Saturday, October 10, 2015

Dear Diary

I was thinking the other day, I should write more. Not just fun little craft tutorials either, but what I'm really thinking and feeling and what's really going on in my life. Because here I am one year after my last post, living in a different country. How did we get here? It's a long story.

I figure this is a safe place to write. I need to write. I need an outlet. I'm lonely and I hate it here.

Well, I don't HATE it. I am trying to like it. But dammit I miss my old life. I miss my job at Club Teasdale. For the first time in my life I was doing exactly what I wanted to do. I did something important. I built an after school program where there wasn't one before. I filled an empty abandoned rec building with craft supplies and playground equipment and I started a camp program there in the summer. For two years that building was mine to run. And then I had to leave. Someone I've never met took it over. Now I don't even know what to answer if someone asks, "So what do you do?" Not that anyone is asking.

I miss my house. God, I loved that house. Every day we lived there I felt lucky that it was ours. Maybe because I knew we wouldn't be there very long because that's our lot in life. Every few years we move. We lived in that house longer than we ever lived anywhere (5 years). If you had told me one year ago that next year we'd be living in Canada, I wouldn't believe it. I wasn't ready to leave. Yet here we are. In a house that's smaller and more expensive in a city we had never even been to before. Toronto.

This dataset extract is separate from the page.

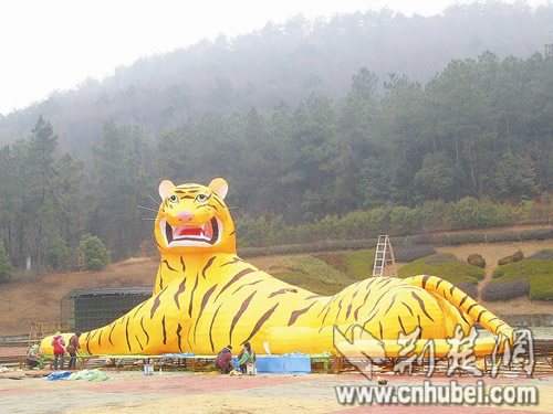 為迎接虎年的到來,九峰森林動(dòng)物園內(nèi)矗起一座高9米、長24米的巨型虎燈——福虎,此虎燈的規(guī)模是中南最大、全國第二。此虎燈由來自四川自貢的彩燈工匠們歷時(shí)1個(gè)月打造而成,光鋼材就用了5噸。虎燈是為該園2月11日開幕的“九虎爭春”民俗趣味游園會(huì)打造的,可發(fā)出震撼的虎嘯聲。(查昭)

We are here because my husband got an opportunity to do what he wants to do. His work is always the reason we move. He was never doing what he loved in Seattle but we built a nice life for ourselves while we were there, regardless. We could have stayed. I wish we had stayed. But an opportunity came up and we jumped on it. We packed up the kids and dog and cat and bunny and hamster and we drove across Canada and lived in a high rise hotel in downtown Toronto for 2 weeks while we looked for a place to live. Now, we're one month in. We have a house and all our stuff is nearly unpacked in it. There is no turning back. Erik goes off to work every weekday and I walk the kids to school and come home and sit on the couch and stare the walls and cry. I don't think I have the energy to reinvent myself again.